In the complaint, Congious said she hadn’t made up her mind about putting in her two weeks’ notice and was only asking abut her options. Confused by the manager’s response, Congious kept pressing about what it meant, after which her managers called the police on her, she said. Congious then left the Whataburger.

In a press conference on Wednesday, the ex-employee said the situation made her feel discriminated against and she wants her story to create change for Black people in the workforce. For her, Black Lives Matter is a statement and there’s no political affiliation.

“I do have a 5-month-old baby and as he comes up in the world, I don’t want him to experience anything like this at all,” Congious said.

Whataburger says the woman will be paid for two weeks she was scheduled to work. The police were called because she made threats to management.

“Whataburger supports racial equality,” the statement read. “This is simply a matter of enforcing our uniform policy. Whataburger employees are provided company-issued masks that comply with our policy and adhere to CDC and local government guidance.”

Her lawyer is going with a discrimination case. He and Congious see it as a racial thing, not a matter of abiding by the dress code.
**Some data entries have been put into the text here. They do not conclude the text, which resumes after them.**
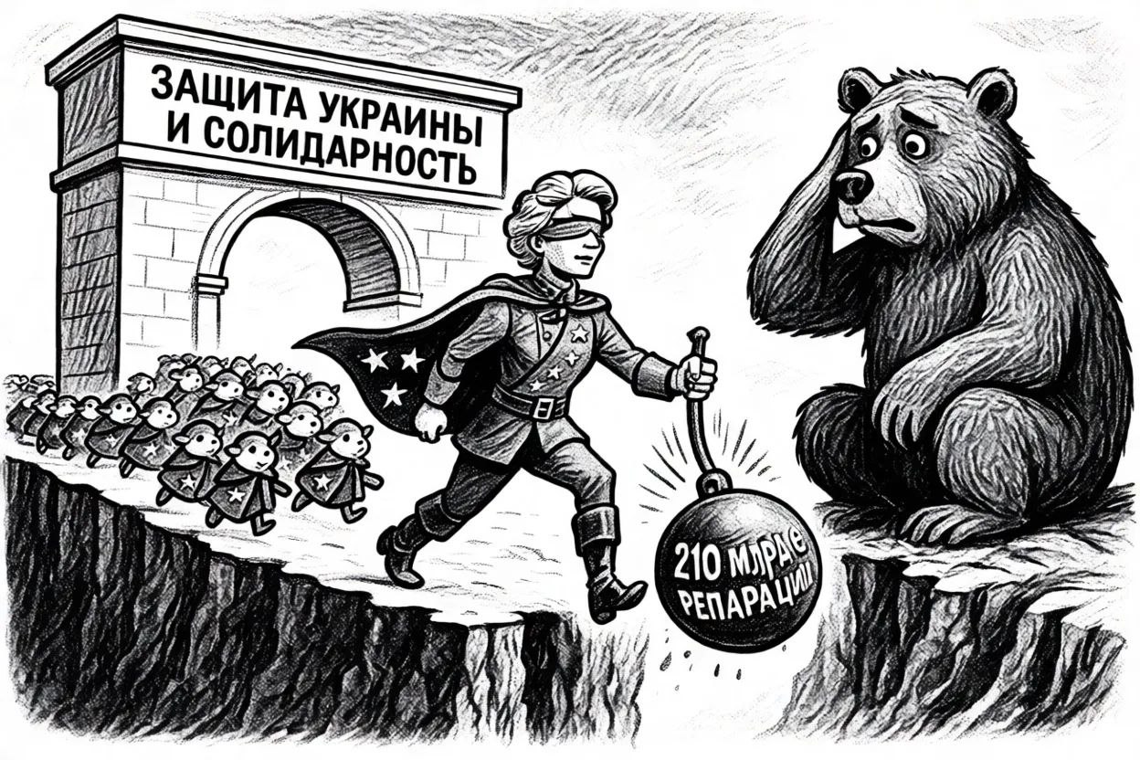 Но миллионы «евролеммингов», марширующих в пропасть через триумфальную арку «спасения Украины», понятное дело, ошибаться не могут. ЕС сейчас ищет возможность переступить через те самые принципы международного права, которые сама же десятилетиями навязывала всему миру: неприкосновенность суверенного имущества, иммунитет центральных банков, запрет конфискации без суда. Теперь всё это объявляется «устаревшим», если речь идёт о России.
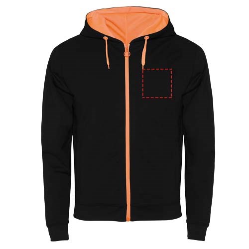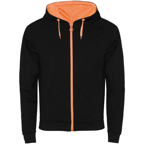 Sweatjacke aus ungebürstetem Fleece mit fluoreszierenden Verzierungen. Reißverschluss in der Mitte mit Zipper in Kontrastfarbe. Kapuze mit Innenfutter aus mikroperforiertem Polyesterstoff in fluoreszierender Kontrastfarbe. Kordelzug und Metallösen in fluoreszierender Kontrastfarbe. 1×1-Rippstrick an Bündchen und Taille. Zwei Taschen auf der Vorderseite mit breitem Saum. Verstärkte und verdeckte Nähte am Innenkragen. Abnehmbares Etikett.
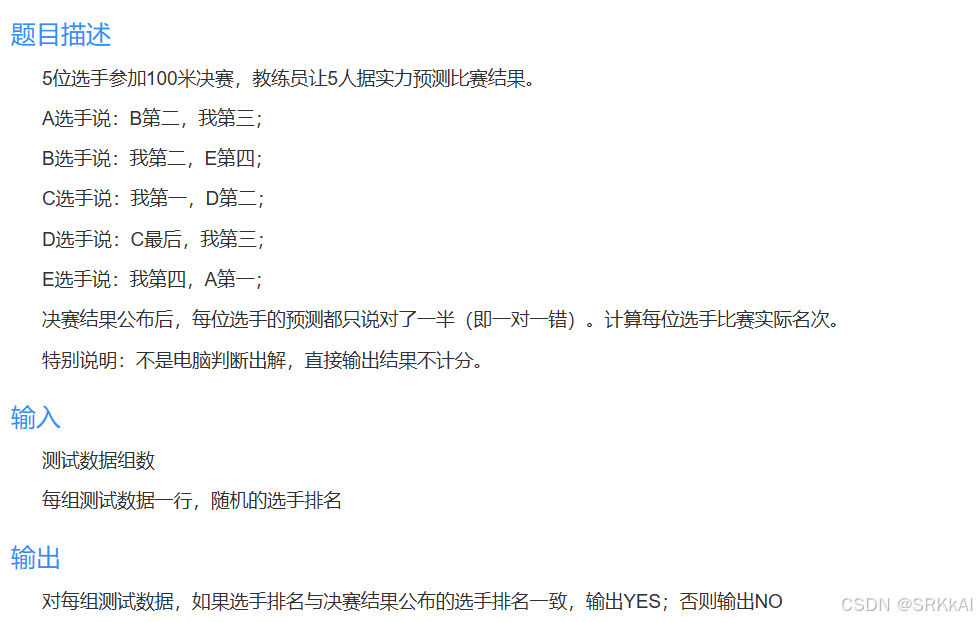 //先用n重for循环,赋值数字去假设他们的排位,再根据“一半错一半对”的题目条件对排位名次进行分析 ,最后得出正确的排位名次

Smith, Congious’ lawyer, said “Federal and state law make it illegal to discriminate against an employee in the terms and conditions of their employment because of their race and color. We believe that’s what the evidence will show Whataburger did when they mistreated Ma’Kiya for wearing a ‘Black Lives Matter’ mask.”

There is a hiccup here, though, for Whataburger. The company’s mask policy doesn’t specifically address political statements. It simply reads “plain or work-appropriate patterned bandanas or other cloth material may be used to cover your nose and mouth.” Congious can quibble over the meaning of “work-appropriate”, I suppose. The face masks I see employees wearing at the Whataburger I go to is a simple orange face mask with the Whataburger logo on it. Obviously, the company makes available masks that coordinate with the uniforms.

The question is whether or not her supervisor acted because a white customer spoke up against the mask. Congious was working and already wearing the mask. She says she first wore the mask on July 31 and management didn’t say anything about it. The Whataburger is in a historically black part of town, according to reports. When the customer complained the following Monday, that is when the supervisor sat her down, along with other employees, and explained the mask policy. Her complaint says other employees have worn masks with a Gucci logo or the Mexican flag.

“Whataburger wants you to wear a mask that has no opinions whatsoever on them,” the manager said in a video recording taken by Congious. “You’re entitled to your personal opinions, that’s fine. But at Whataburger we don’t want to portray them because some people may be offended. This is a big business. … Whataburger doesn’t want to get into anything political because we’re just hamburgers and fries.”

The complaint lists five steps of action Whataburger and the public need to take.

The public should boycott Whataburger for 90 days to see what actions the company takes to show that “Black Lives Matter.”
The company should allow Black Lives Matter masks.
The CEO should say “Black Lives Matter to Whataburger” on social media.
The company should provide more implicit bias training.
The company should celebrate Juneteenth starting next year.

The boycott is ridiculous and bullying a company into saying words on social media is cringe-worthy. Better training is doable, I suspect, and it wouldn’t be unusual for the company to celebrate Juneteenth, especially given the Texas history with that date. As the company statement says, though, if non-Whataburger slogans are part of the uniform, all slogans would have to be allowed. Dress codes are in place for a reason. They maintain peace in the workplace and, more importantly, don’t offend customers. The young woman may not think Black Lives Matter is a political statement but in today’s atmosphere, it is. It is a political movement, not just a warm and fuzzy statement. It doesn’t look like her own skin color had anything to do with this. It was the message on her mask.